Let's start with the basics, and we'll build up from there.

### Scalars, Vectors and Matrices

> A **scalar** is a number, like the number `3.5`, or the number `-15`.


> A **vector** is a list, or array of numbers. We can represent vectors in python using objects like **lists**, **numpy arrays** and **pandas series**.

We will often represent vectors in [latex notation](http://web.ift.uib.no/Teori/KURS/WRK/TeX/symALL.html). Here is a two vector, labeled as the variable $a$.

$$\textbf{a} = [2, 3]$$


> A **matrix** is a rectangular array of numbers, arranged in rows and columns. We can create matrices using objects in python like **2-dimensional lists**, **2-dimensional numpy arrays (or matrices)** and **pandas DataFrames**.

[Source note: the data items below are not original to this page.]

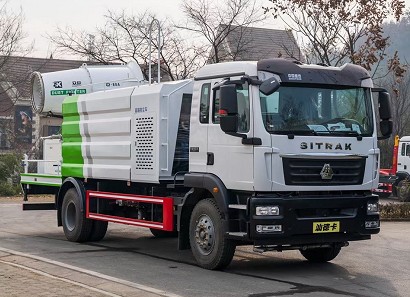 國六重汽汕德卡后雙橋多功能抑塵車,容積15-18立方,選裝80-120米霧炮!
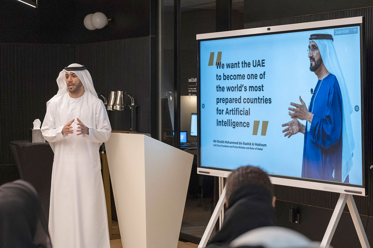 وتضمن البرنامج ورشة تعريفية عن استراتيجية الإمارات للذكاء الاصطناعي أحد مشاريع “مئوية الإمارات 2071” والاستراتيجية الوطنية للاقتصاد الرقمي تحدث فيها خالد النعيمي، مدير مشاريع في مكتب الذكاء الاصطناعي والاقتصاد الرقمي وتطبيقات العمل عن بعد عن استراتيجيات الدولة النوعية في المجالات التقنية لجعل دولة الإمارات رائدة عالميا في مجال الذكاء الاصطناعي وترسيخ مكانتها منصة عالمية للتكنولوجيا.
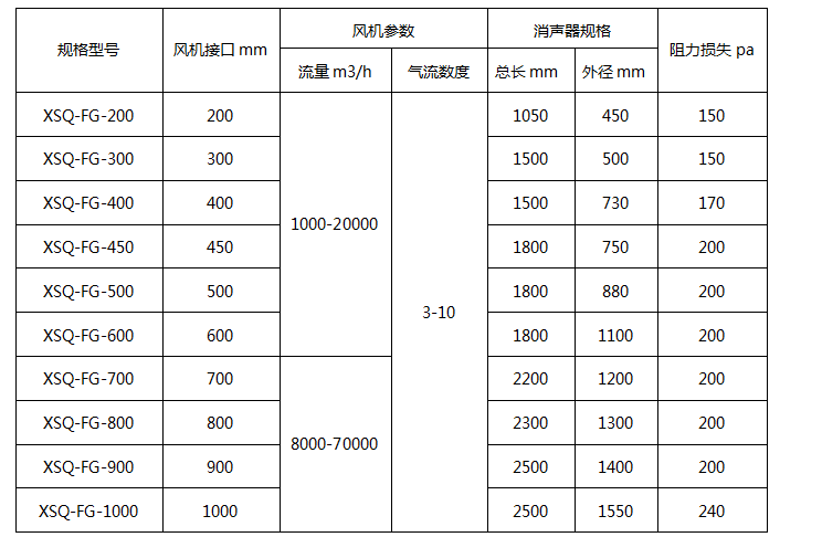 風機消聲器分圓形接口和方形接口,本表按圓形接口流量計算,用戶詢價時請報接口尺寸(方還是圓)
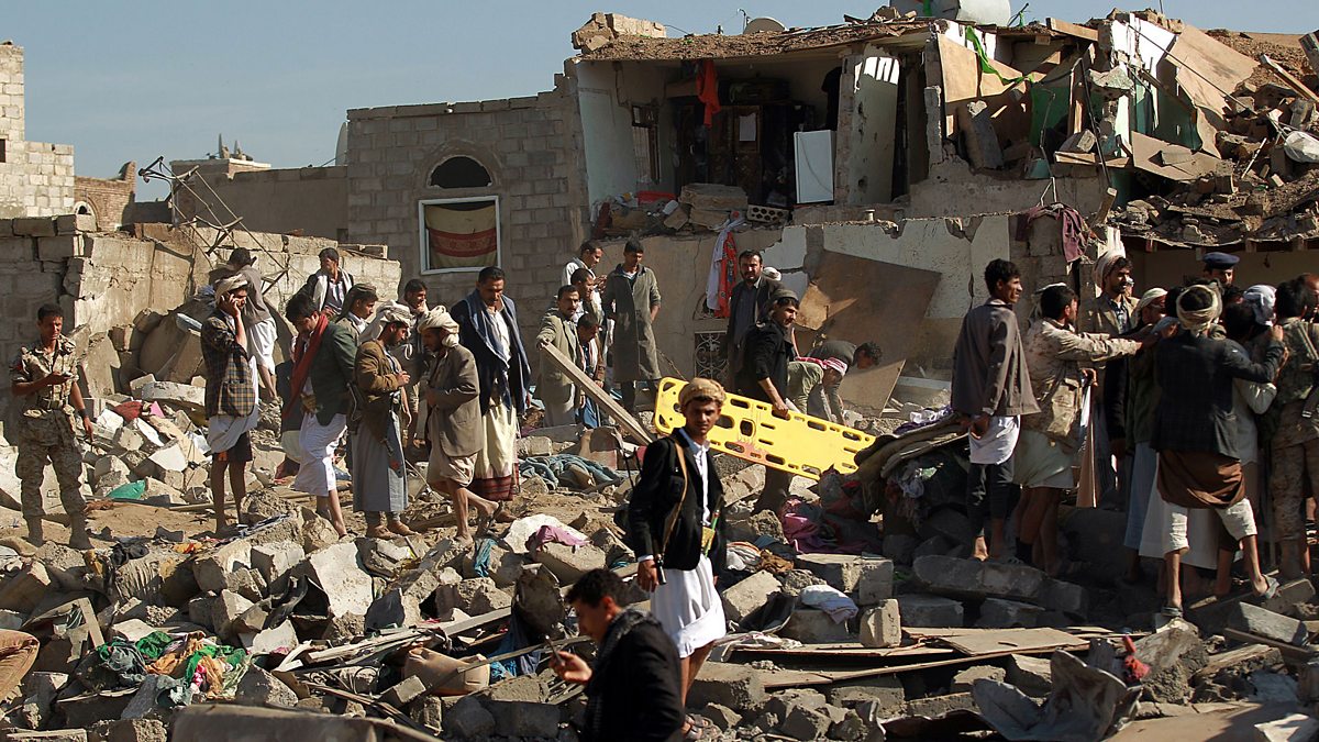 (Photo: Yemenis search for survivors at the site of a Saudi air strike against Huthi rebels near Sanaa Airport. Credit: Getty Images)
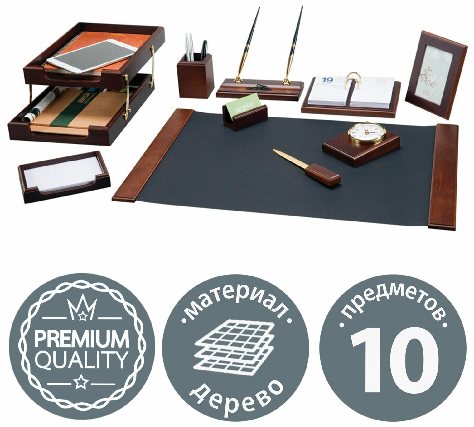 Набор настольный BESTAR Artemis 10 предметов, двойной лоток, орех
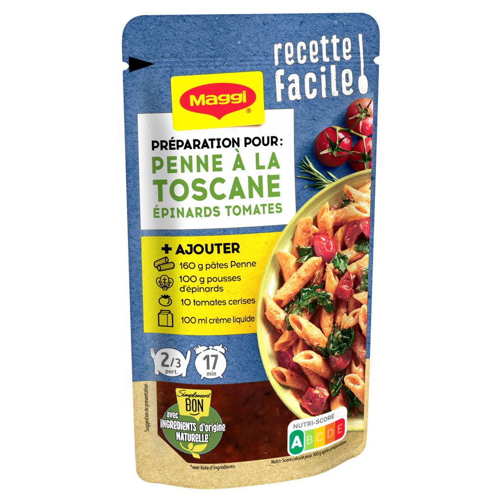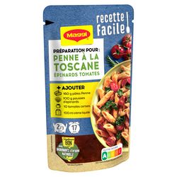 Il vous faut : 160 g pâtes Penne, 100 g gousses d'épinards, 10 tomates cerises (150 g), 100 ml crème liquide. 3 étapes faciles en 17 min : Coupez les tomates en deux. Dans une poêle ou un wok, faites cuire les pousses d'épinards avec un peu d'huile (5 g) 2 min. Ajoutez les pâtes crues, 300 ml d'eau, les tomates, la crème et la préparation Maggi. Mélangez et cuire à couvert env 14 min à ébullition en mélangeant jusqu'à absorption de la sauce. Mélangez et servez ! Ne pas saler.
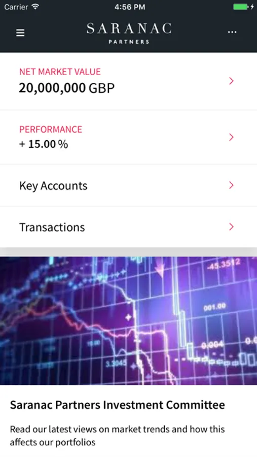 Saranac Partners Mobile, for iPhone and iPad, is designed for clients of Saranac Partners only. The app provides clear and transparent information on client holdings and investment performance. The main features of the app are position level granularity, real time pricing for all major markets, the ability to filter portfolios by different views and content that is personalised to clients. The application also includes functionality that allows clients to view, upload and store documentation.
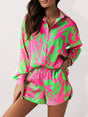 Women's Bright Printed Long Sleeve Notch Collar Top And Short Set - Green / S is backordered and will ship as soon as it is back in stock.
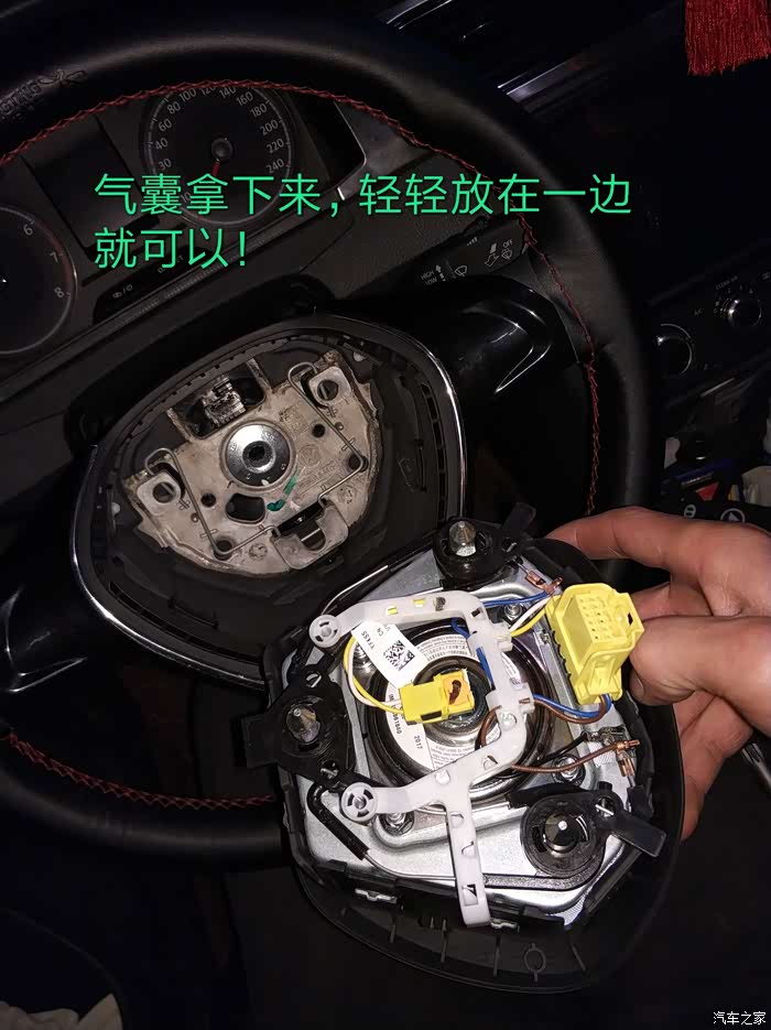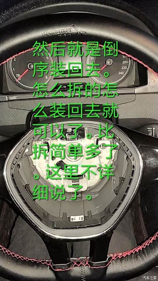 先说下大题流程:拆气囊-拆方向盘-拆游丝-拿掉手柄总成-换上新手柄-拆左边空调面板(13款不用拆)-拆仪表盘-从右手柄插口接线到仪表盘后面-组装-刷隐藏
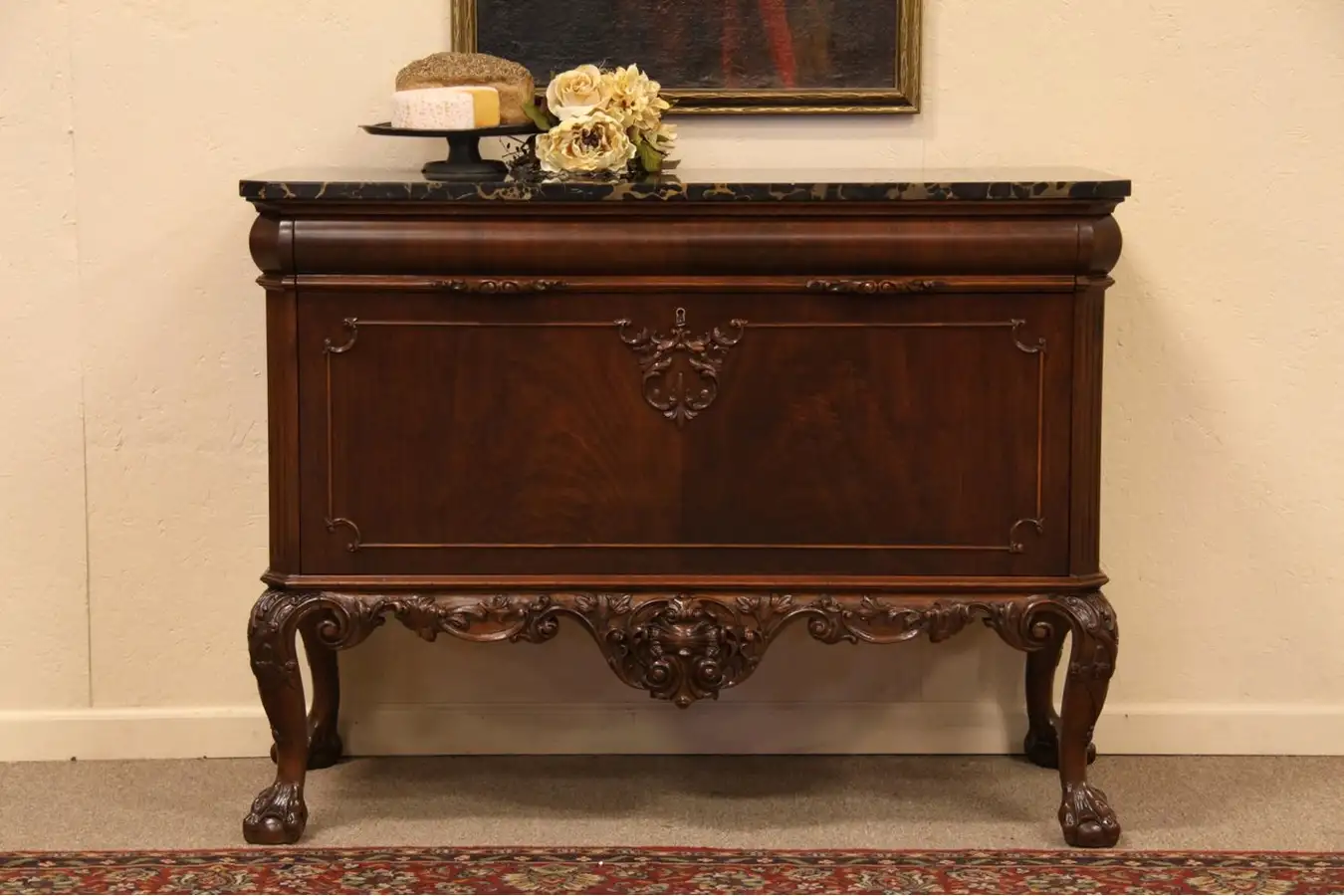Richly carved of walnut in the classic Georgian Chippendale style about 1915, a small sideboard or huntboard has a famous black Italian "Porturo" marble top, matched burl panels and artistic detailing.
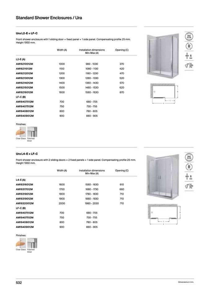 Front shower enclosure with 2 sliding doors + 2 fixed panels + 1 side panel. Compensating profile 25 mm.
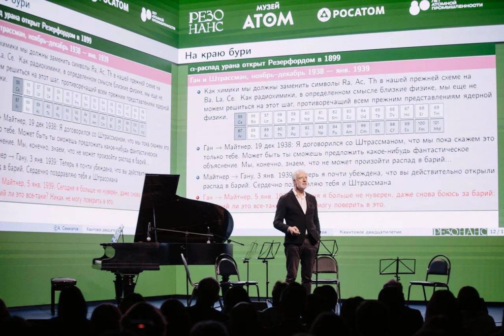 Открытие фестиваля «Резонанс», которое пришлось на конец октября, было интригующим. Вход исключительно по приглашениям. В фойе гостям надевали бумажные браслеты и, объединив в малые группы, отправляли по экскурсионному маршруту. На минус третьем этаже можно было увидеть макет советской атомной бомбы, а в экспозициях первого этажа переместиться в условное «настоящее атомной отрасли» и лицезреть эффектную инсталляцию «поющего атомного реактора», музыка для которого была написана при помощи искусственного интеллекта. После такого экскурсионного квеста гости объединялись в конференц-зале на две с половиной сотни мест, чтобы услышать пламенную речь доктора физико-математических наук Алексея Семихатова о научных достижениях начала XX века, а затем окунуться в изыски камерной музыки в исполнении артистов Нижегородского театра оперы и балета, десантировавшихся в столице на один вечер исключительно для этого выступления.
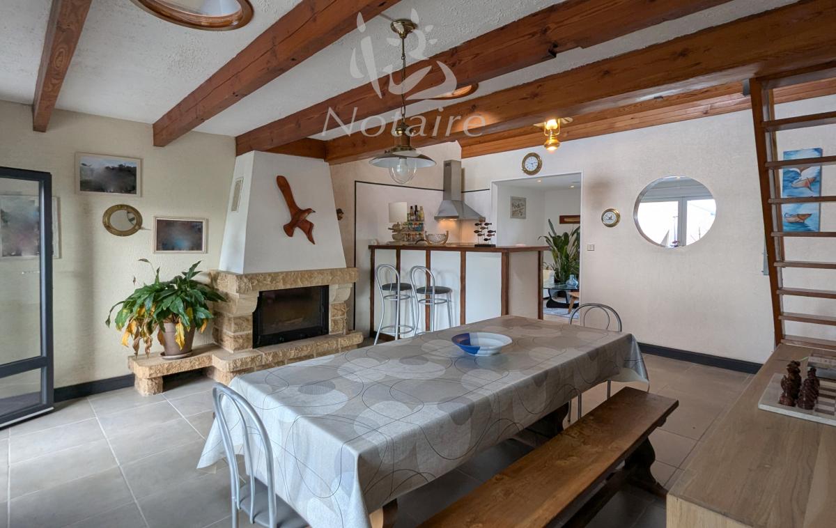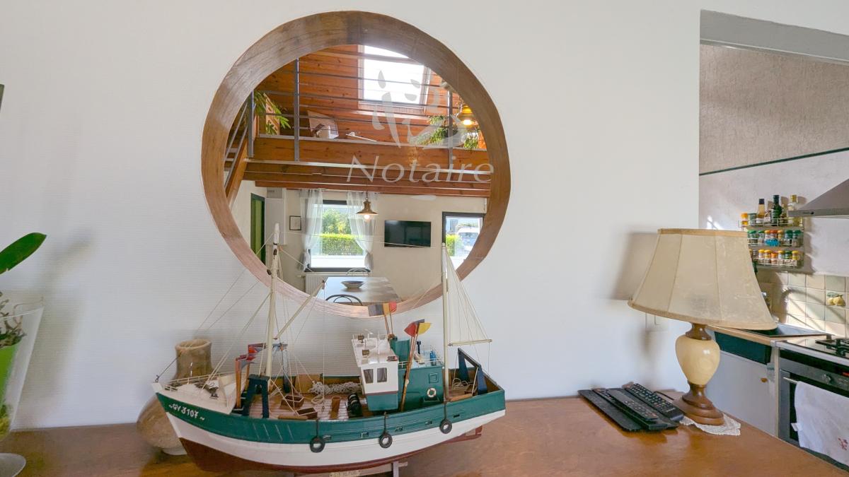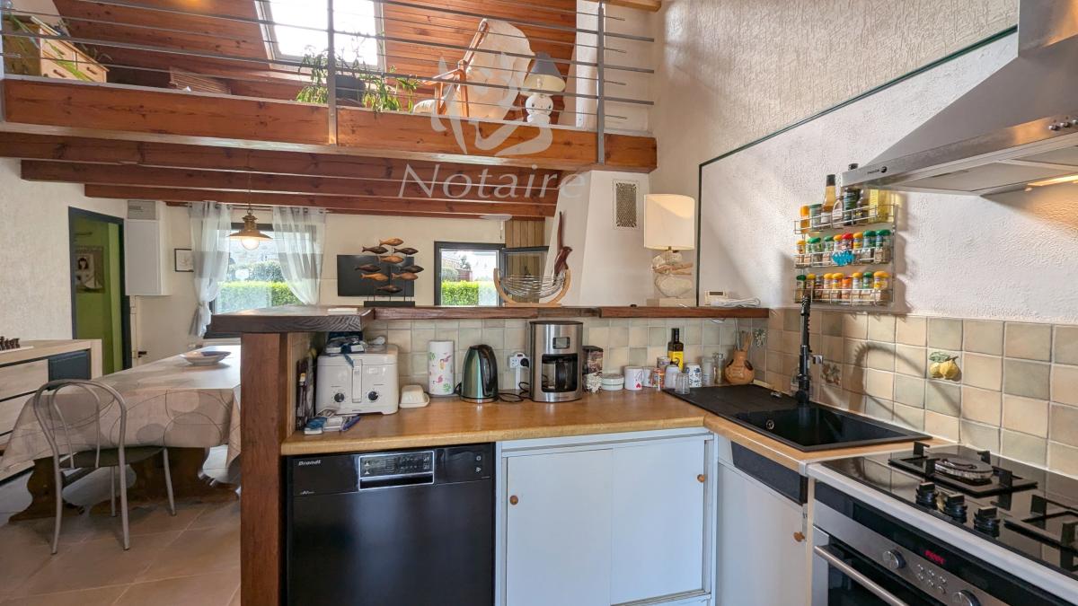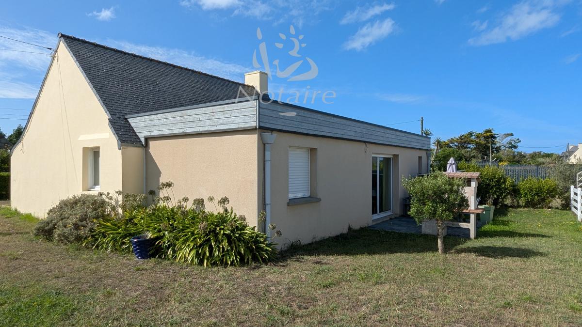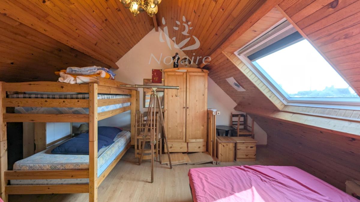 À seulement 200 m des plages de Menfig, cette maison habitable de plain-pied vous séduira par son emplacement privilégié et ses espaces bien agencés. La maison dispose de deux chambres, salle d'eau et WC au rez-de-chaussée, ainsi que d'une belle pièce de vie chaleureuse, agrémentée d'une cheminée avec une cuisine ouverte qui s'intègre harmonieusement à l’espace. Le salon, inondé de lumière grâce à une grande baie vitrée, s'ouvre directement sur une terrasse. Un cellier à usage de chaufferie/buanderie complète ce niveau. À l’étage, une mezzanine parfaite pour un bureau ou un coin détente mène à une troisième chambre bénéficiant d'une petite vue sur la mer. À l'extérieur, cour bitumée avec deux places de stationnement pratiques, jardin clos idéal pour les moments de plein air, chalet de jardin en bois pour vos rangements.

Here is an example of a matrix with 2-rows, and 3-columns, also called a 2x3 matrix.

$$
\textbf{A} = \begin{bmatrix}
    -1 & 3.5 & 106 \\
    25 & -7.6 & 0.3
\end{bmatrix}
$$

Run the following code cell. It will do the following...

* Import in numpy and pandas
* Create a set of scalars
* Create a set of vectors, using different python objects
* Create a set of matrices, using different python objects

In [None]:
# Import numpy as pandas
import numpy as np
import pandas as pd

# Create scalars
a = 3.5
b = -20

print('Scalars: ')
print(a)
print(b)
print("\n")

# Create vectors
m = [10.0, 20.3, -30.0]
n = np.array([50.0, 25, 36, 0.6])
o = pd.Series(data=[20.6, 30.0, 41.0], name='my_data')

print('Vectors: ')
print(m)
print(n)
print(o)
print("\n")

# Create matrices
v = [[20.0, 30.0], [10.0, 5], [11, -6]]
w = np.array([[11, 12, 14], [-5, -7, 88]])
x = np.matrix([[20.0, 30.0], [27, 35]])
y = pd.DataFrame(data=[[20.0, 11], [30.0, 54], [26, 43]], columns=['Column_1', 'Column_2'])

print('Matrices: ')
print(v)
print(w)
print(x)
print(y)

### Notation

#### Subscript

We often refer to a single element of a vector $\textbf{a}$ as $\textbf{a}_i$. For instance, for the vector:

$$\textbf{a} = [2, 3, 6], \ a_1 = 2,\ a_2 = 3,\ a_3 = 6$$

#### Sigma

Often times, we might use something called **capital sigma** notation. This simply represents a **sum** of numbers. For example, the following states to **sum the values of a.**

$$ \sum_{i=1}^{3}a_i = a_1 + a_2 + a_3 = 2 + 3 + 6 = 11 $$

####  Pi

We might also use **capital pi** notation. This represents a **multiplication** of numbers. For example, the following states to **multiply the values of a.**

$$ \prod_{i=3}^{3} a_i = a_1 * a_2 * a_3 = 2 * 3 * 6 = 36 $$

### Exercise

The following code defines a single vector, called `a`. Your job is to calculate...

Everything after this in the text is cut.